The reaction starts with the reaction of sodium molybdate (Na₂MoO₄) with Nadtc in the presence of sodium dithionite (Na₂S₂O₄). Initially a dark purple precipitate is formed that will turn pink after about two hours if the reaction conducted properly.

It might make sense to start this reaction first because it usually takes two hours. The use of deaerated water is advisable because it speeds up the reaction (Why?).

The filtration has to be performed using a Schlenk frit. The final product has to be stored under inert gas.

Deaerated water is obtained using the freeze-pump-thaw procedure. Make sure that the flask is less than half-filled here!


2. Characterization

a. FTIR spectrum (YH 6076, YH 1033)

- Acquired using ATR setup (>450 cm^-1) and as Nujol mull in between CsI plates (250-500 cm^-1)
- Read the chapter on how to acquire infrared spectra (Appendix A and B, p. 145-154)

3. Catalysis experiment

The student will have to prepare dry DMF for this part of the experiment as well as dry the molecular sieve.

You will have to set up three reactions:

a. using MoO₂dtc₂ as catalyst without molecular sieve
b. using MoO₂dtc₂ as catalyst with molecular sieve
c. using MoOdtc₂ as catalyst without a molecular sieve

The reactions should be run using 0.05 mmol of the catalyst, 1 mmol of benzoin and 25 mL of dry DMF. The 250 mL round-bottomed flask should be closed during the reaction. Take one sample two hours into the reaction and the other one after approximately 24 hours. It is important that the setups are identical in terms of flask size and availability of oxygen.

When using a drying agent like MgSO₄, it is crucial to use a small amount. Why?

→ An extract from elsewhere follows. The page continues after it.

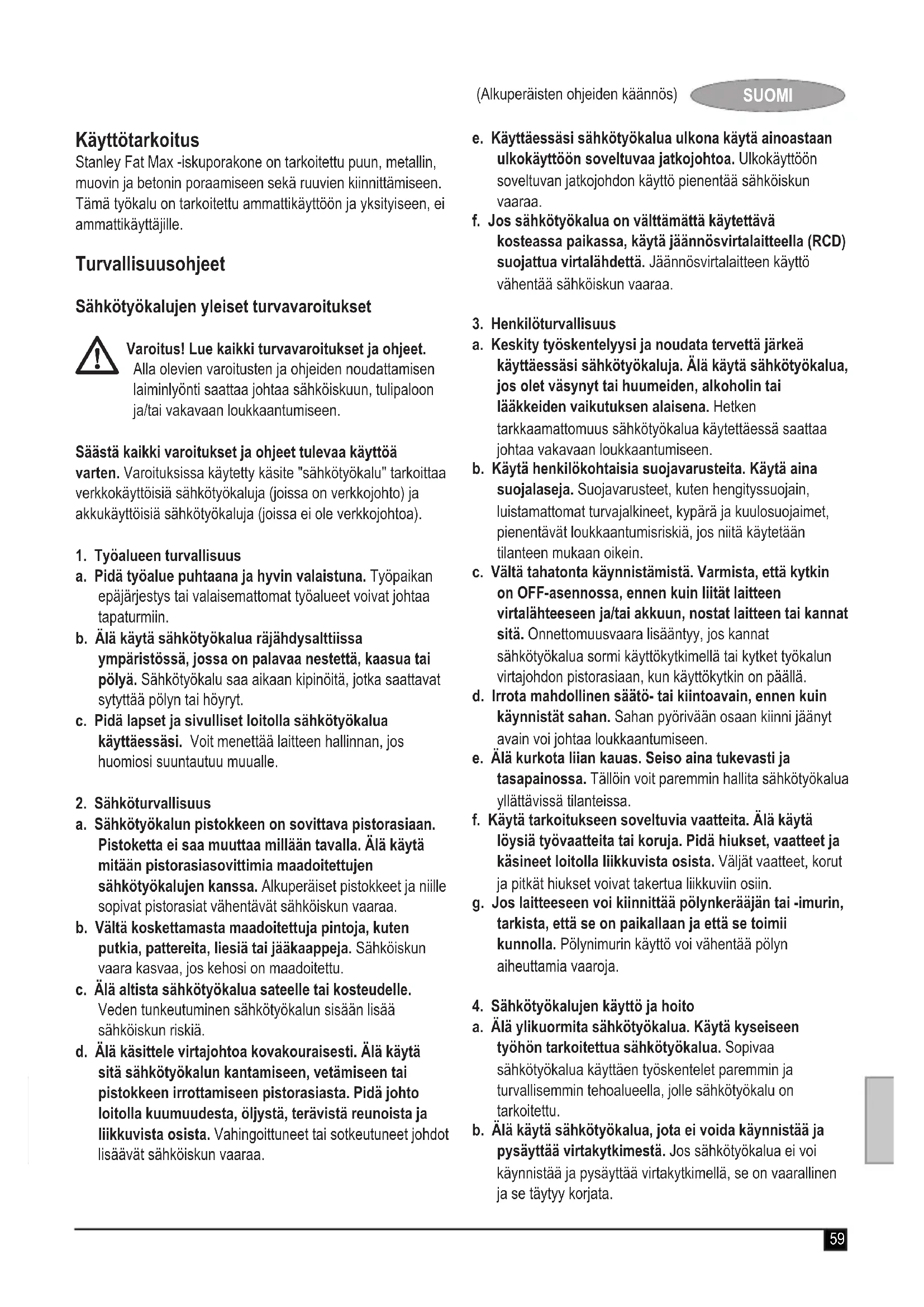 (Alkuperäisten ohjeiden käännös) SUOMI Käyttötarkoitus Stanley Fat Max -iskuporakone on tarkoitettu puun, metallin, muovin ja betonin poraamiseen sekä ruuvien kiinnittämiseen. Tämä työkalu on tarkoitettu ammattikäyttöön ja yksityiseen, ei ammattikäyttäjille. Turvallisuusohjeet Sähkötyökalujen yleiset turvavaroitukset

To determine the efficiency of the catalyst, HPLC samples are prepared of the individual products from the reaction. For the standardization, five standards are prepared containing a total amount of 1 mg/mL of benzoin and benzil in the solution (i.e., 0.10 mg/mL benzoin:0.90 mg/mL benzil). Please inform the instructor the meeting prior the HPLC sample submission that you need HPLC vials.

It might be a good idea to use the rotary evaporator to remove the solvent from the samples.


4. Hints to questions

ad 1: How many 'ligands' do you have in those compounds? Which coordination figures are possible for this number of ligands?

ad 3: What determines if a compound X is able to oxidize or reduce compound Y? Which technique can be used to evaluate these properties?

ad 7: What determines the activity of molecular sieves?


5. Problems to be considered

a. What is the function of sodium acetate in the synthesis of compound A?
b. If the synthesis of compound B is not properly carried out, a dark-pink to purple compound is observed. How can this be explained?
c. What is the product of the oxidation of S₂O₄^2- in the synthesis of compound B?
d. Why is it important to prepare HPLC samples in a concentration range of 0.1-1 mg/mL?